Recently, Representative James B. Renacci, R-Ohio, introduced the Federal Financial Statement Transparency Act of 2014. This bill can help increase accountability and transparency in federal government financial reporting. The bill can also help bolster the independence of the Federal Accounting Standards Advisory Board, which determines accounting standards for the federal government.
I applaud bill sponsor Renacci, and lead co-sponsor Rep. John Carney, D-Del., for taking this crucial bipartisan first step towards increased federal fiscal accountability, transparency and independence. But it is just a first step.
More needs to be done to ensure that FASAB is completely independent from the government, and that federal accounting procedures truly serve the American people. FASAB is predicated on a double standard between the government and its constituents, and that needs to change.
Currently, only six of the nine FASAB board members come from the financial community. The others are from three federal agencies: the Government Accountability Office, the Office of Management and Budget and the Department of the Treasury. The bill adds an additional board member from the financial community, and removes the Treasury member’s vote. But each of the heads of GAO, OMB and the Treasury would still have the power to veto any standard FASAB approves. Would a completely independent FASAB Board, one exclusively made up of members from the financial community – auditors, macroeconomics professors, or CPAs – be a bad thing? Isn’t it imperative that knowledgeable and informed citizens set the accounting standards for the federal government?
There is a private sector FASAB analogue. The Financial Accounting Standards Board is an independent board that sets corporate accounting standards. And the state and local governments have their own board, the Government Accounting Standards Board.
While those two boards cover state and local governments as well as the private sector independently, the federal government refuses to hold itself to the same standards. Having GAO and OMB representatives on the board is like General Motors finance director and auditor be a part of determining the liabilities GM reports on its balance sheet.
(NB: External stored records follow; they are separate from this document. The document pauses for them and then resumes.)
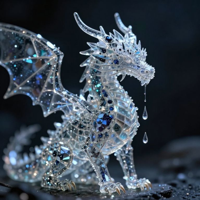 Photograph of a glowing, crystal dragon sculpture with intricate details, blue and white lights, and water droplets hanging from its mouth, set against a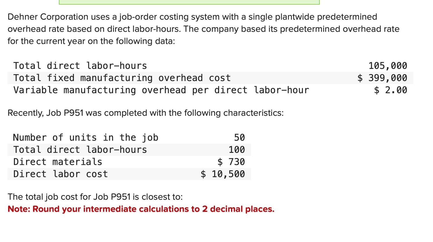 Solved Dehner Corporation uses a job order costing system Chegg com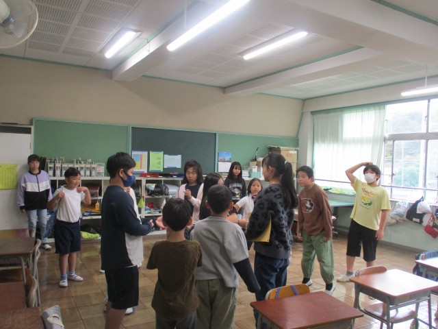 本日の昼休みはワクワク班遊びをしました。雨のため残念ながら校舎内での活動となりましたが、子供たちは楽しそうに遊んでいました。1班は廊下でだるまさんがころんだ、2班は教室で宝探しゲームを行いました。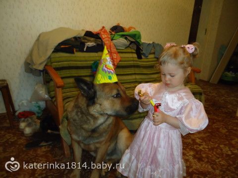 Он еще сам щенком был. Сначала испугался суета, куча народу, его все гоняют. Но когда родственнички ушли мы его позвали, дали обнюхать дочу и ножки облизать. С тех пор они дружат.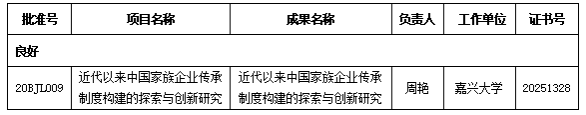 近日,百家乐最稳打法 周艳副教授主持的国家社科基金一般项目“近代以来中国家族企业传承制度构建的探索与创新研究”顺利通过验收审批,鉴定等级为良好。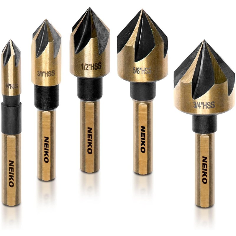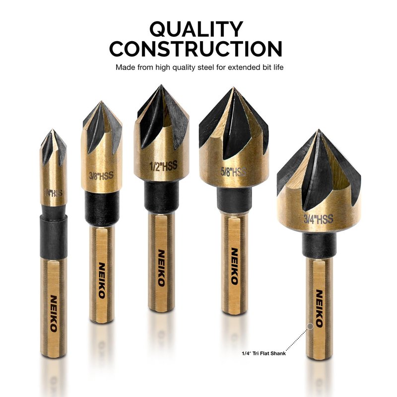 NEIKO 10218A Countersink Drill Bit Set for Wood and Metal, 1/4” Tri-Flat Shank, 5 Piece Countersink Bits, M2 High Speed Steel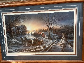 Terry Redlin's "Pleasures of Home" would be a great addition to your home. In this peaceful scene the children excitedly point out the mallards flying low overhead. The proud Belgians, the warmly bundled family, the crisp country air and the fading sun all convey the essential meaning of "pleasures of winter." We are reminded of a more innocent time when the countryside was at peace with itself and traditional family values reigned. Certificate of authenticity on the back. Framed and matted, 33 in x 33 in. Thank you, Randy and Doris Vigen!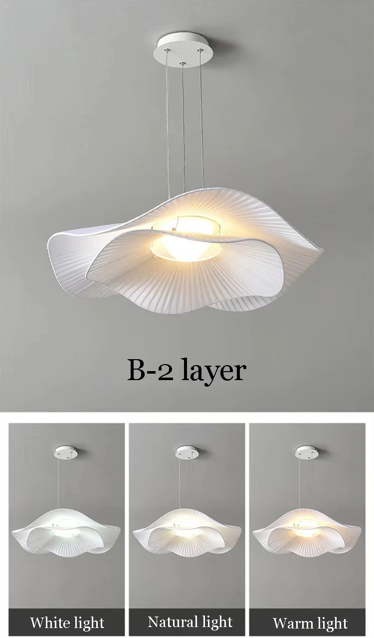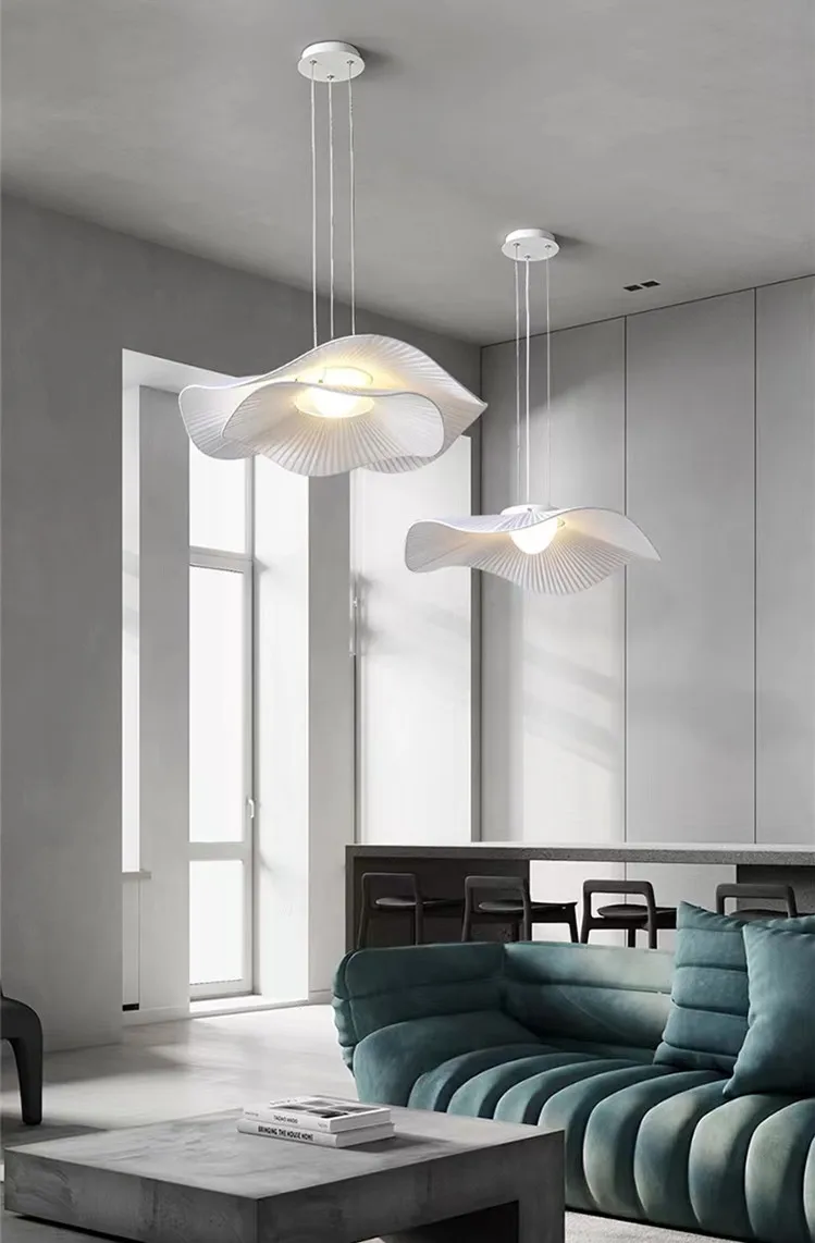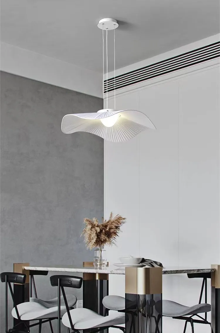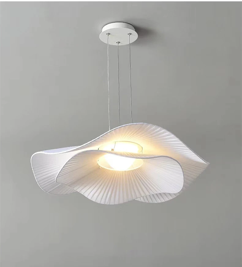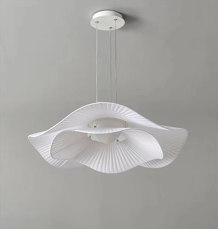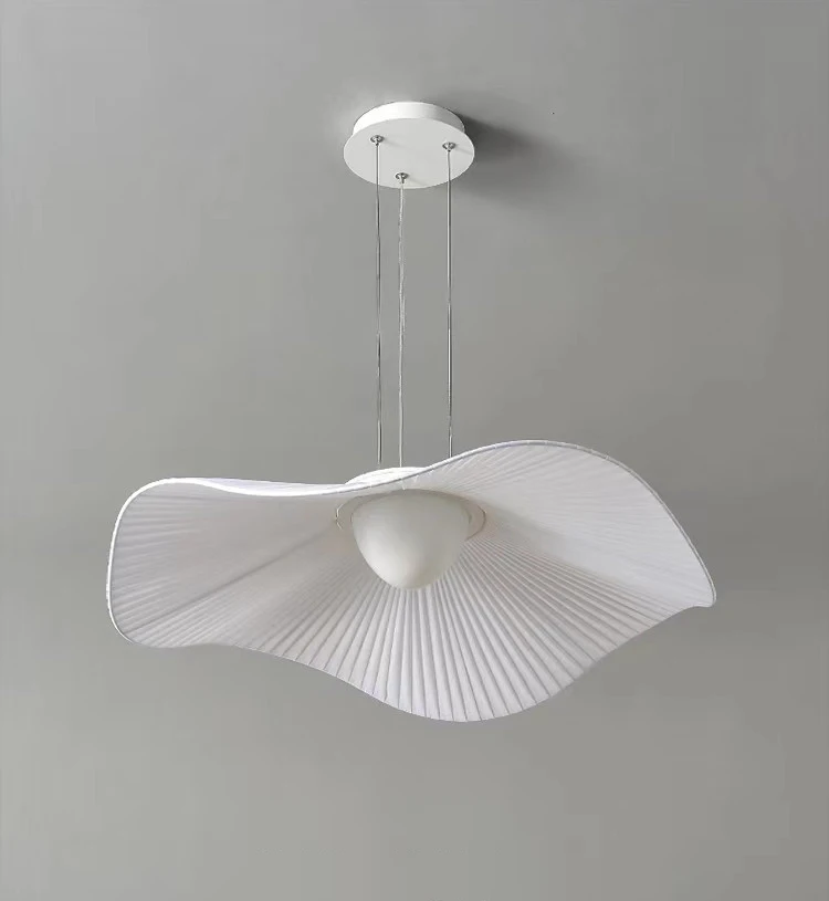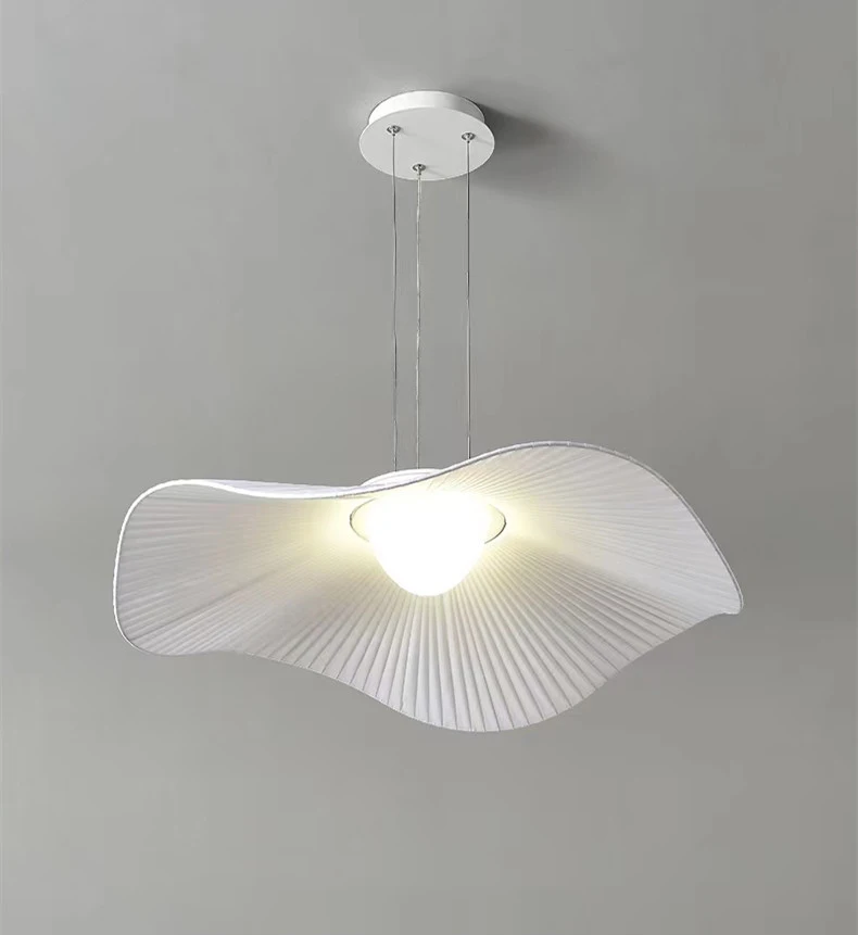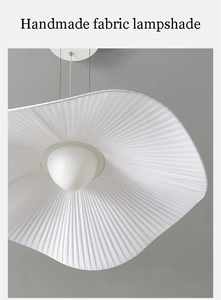 Modern Handmade Fabric Pendant Light – White Lampshade, LED Included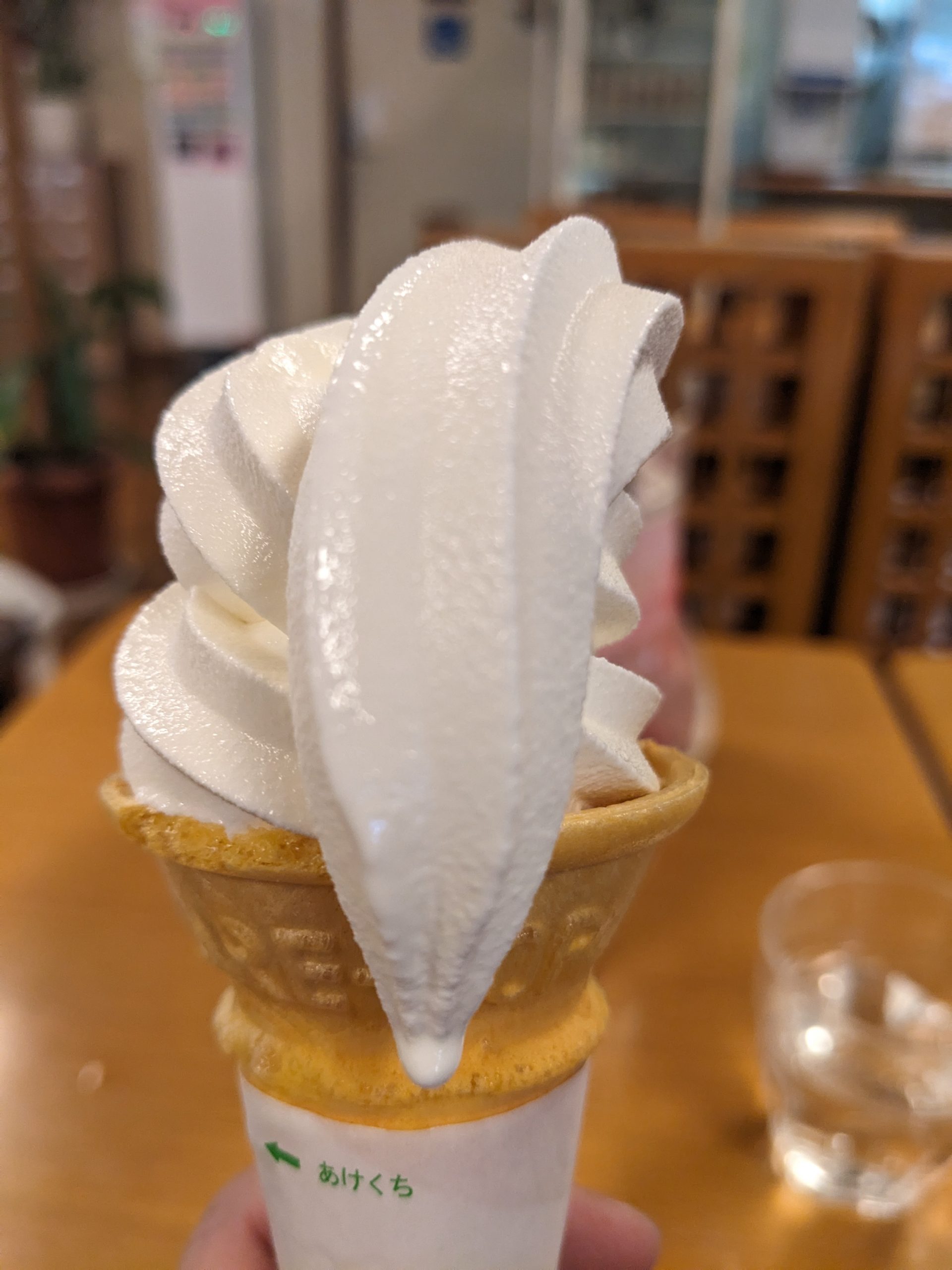 久々に水曜日のルーティーン、ソフトクリームの日を敢行。もちろんスタンザで。マニュアル運転した後のソフトは256倍旨い。いや、120円から130円に値上がったからかも。値上げの緊張からか「ソフトクリーム達人の店」でも最後の詰めで失敗してしまう。量が多くなってありがとうございます。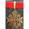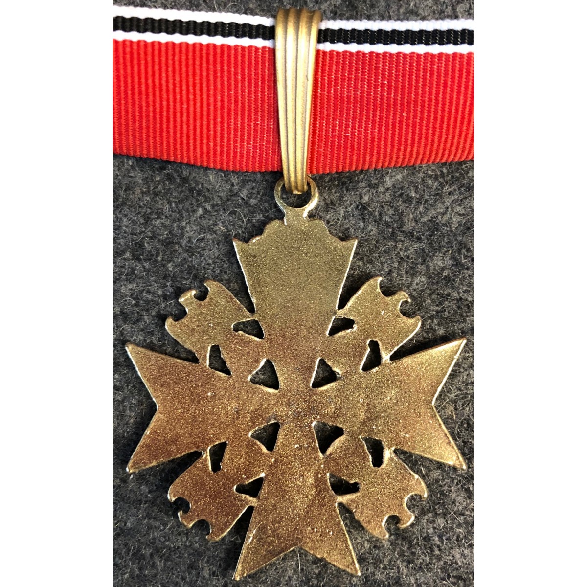 The sign of the Order consisted of a Maltese cross with a swastika dominated by the German eagle on every corner of his arms. For the military class, the order could be completed by adding two crossed swords to the back. The order ribbon was red with a white, black and white stripe on each side.

This would not be right for General Motors or any other corporation.
Shouldn’t the federal government have to play by the same rules to which it holds its citizens?
Last October, the federal government shut down for over two weeks while Republicans and Democrats in Congress debated details of a spending bill with politically charged talking points.
Our national debt clock is ticking. Before our government shuts down again, raises the debt ceiling another time, or figures out another way to conceal its true debts, the government needs to change its accounting standards so that citizens and lawmakers know the true fiscal consequences of every decision the government makes. Misleading federal financial data derived from inaccurate accounting methods is the single greatest financial problem our federal government faces.
If government accounting standards don’t change, our children and our children’s children will be the ones left to clean up the fiscal mess that we created. It’s time to change the way things are done in Washington, D.C.
While Renacci’s bill is a solid step in the right direction, more needs to be done. The single best way to increase transparency, independence and accountability is accurate and truthful accounting methods that represent our nation’s true financial condition. Giving this bill more teeth before it becomes law will do just that.
Sheila Weinberg is the founder and CEO of Truth in Accounting and a Certified Public Accountant.